Dans ce village, il y a aussi plusieurs églises, dont une vraiment cocasse, je crois bien que c’est la plus étonnante que j’ai jamais vue, en forme de bateau-avion. Assez incroyable. Si quelqu’un en connait une plus extraordinaire, qu’il me le dise! (voir photo)
D’ailleurs, ce village est vraiment attrayant, je veux dire, touristiquement, il a tout : un calme rare en Inde (peu de klaxons et d’effervescence), il est pittoresque au possible, cette église bizarre et d’autres plus classiques mais jolies, des belles ballades le long des plages...
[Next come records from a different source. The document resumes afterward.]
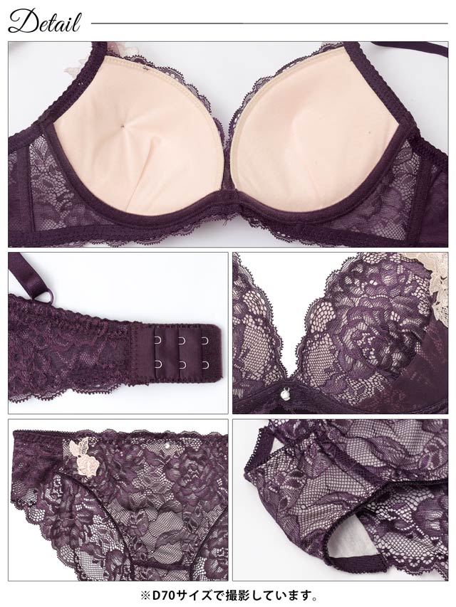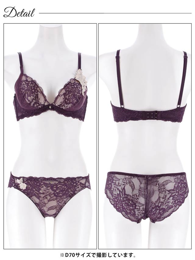 フロレゾンローズレース育乳脇高ブラジャー&サイド紐バック透けフルバックショーツ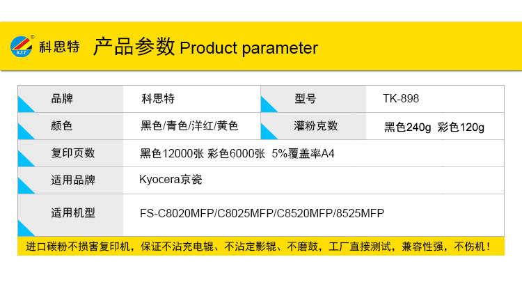 商品名称:科思特 TK-898K(带芯片) 粉盒 适用京瓷FS-C8020MFP/C8025MFP/C8520MFP/8525MFP 黑色
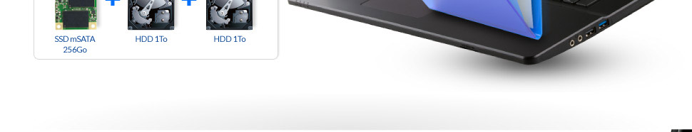 Le système de stockage massif du Q2756F permet d'accueillir un SSD mSATA 256Go ainsi que deux disques durs de 1To afin de vous faciliter la gestion de tous vos fichiers, et ce, en toute réactivité.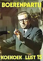 In the elections of 1963 the Farmers' Party won three seats in the House of Representatives. The party had gained considerable attention when the police had forcibly seized farms whose owners had not paid their taxes. Koekoek, the party's leader, came from the same region and acted as spokesperson for these farmers. With its populist appeal the party had been able to get the support from farmers and non-farmers, even from urban areas. He headed the party's list and became the chairperson of the parliamentary party. In 1966 the party won two seats in the Senate.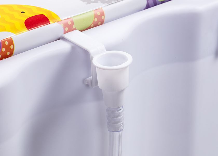 – ванночка эргономичной формы оснащена трубкой для слива воды. Ванночка расположена на высоте, удобной для взрослых, которым не приходится сильно нагибаться, чтобы покупать ребенка;

Je me demande comment ils fabriquent leurs guides, chez Lonely Planet, Rough Guide ou Le Routard, car il y a vraiment plein de choses étonnantes à voir et d’endroits vraiment tranquilles à découvrir. Des lieux où les habitants seraient vraiment contents, je veux dire avec le cœur, de recevoir des étrangers qui leur rende visite... Mais les guides se contentent de lieux vus et revus. A croire que les types du Lonely, ils utilisent le Rough pour aller dans les endroits décrits par celui-ci, qui lui-même a piqué dans Le Routard, etc...
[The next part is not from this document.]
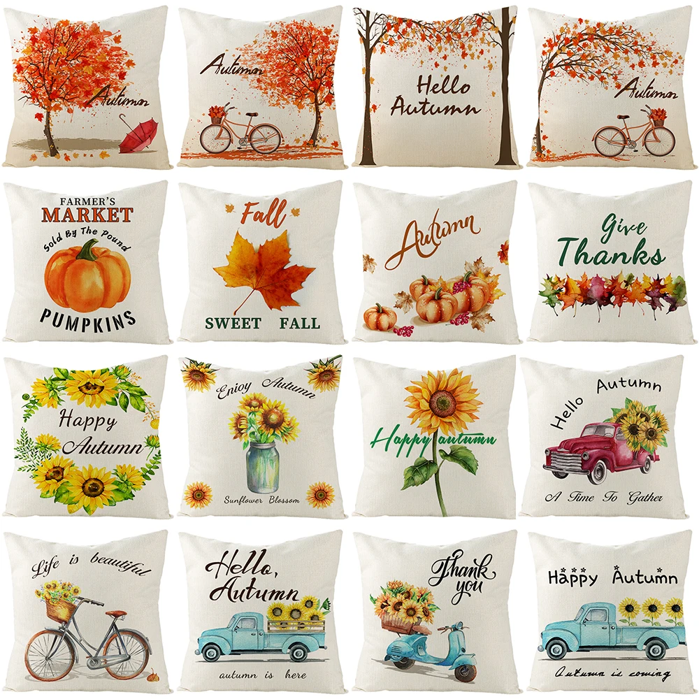Женский чехол 2021 дюймов, льняная наволочка в виде красного кленового листа, подсолнуха, дивана, автомобиля, наволочка, украшение для дома 45*45 см

Bon, c’est peut-être le moment de lâcher un peu la plume, le moment de quitter ce petit endroit, un paradis que m’ont confectionné mes hôtes pour me mettre à l’aise du mieux possible. Selvan m’avoue par interprète interposé qu’il est si heureux de m’avoir chez lui. Parce que je suis un ‘‘riche’’, car malgré tout, je suis un peu sale et mal fringué, je bouge à vélo, mais si je suis là et peux me permettre de ne pas travailler, j’ai quand même des arrières qu’il n’aura jamais. Et ce riche, il dort dans sa maison en feuilles de cocotier, mange dans ses vieux plats en inox, avec la main, va faire un tour de bateau avec lui et donne même le coup de main à tous les pêcheurs pour tirer les bateaux hors de l’eau (travail je l’avoue assez exténuant). Il est tellement honoré que je puisse me contenter de cela, et même en redemander et en être heureux. J’apprécie sa vie simple, alors que ce n’est peut-être pas simple pour moi qui suis habitué au confort. Il m’en est reconnaissant et même au-delà. Il ne veut même plus que je parte et souhaiterait me garder des jours, des semaines, des mois même.
Mais bien sûr, moi, j’ai la bougeotte. Je pourrais rester un peu plus oui, mais... je ne sais pas ce que je veux vraiment, mais je vais à Kanyakumari, c’est ma destination, alors je continue. Ces derniers jours furent en tous cas riches en émotions.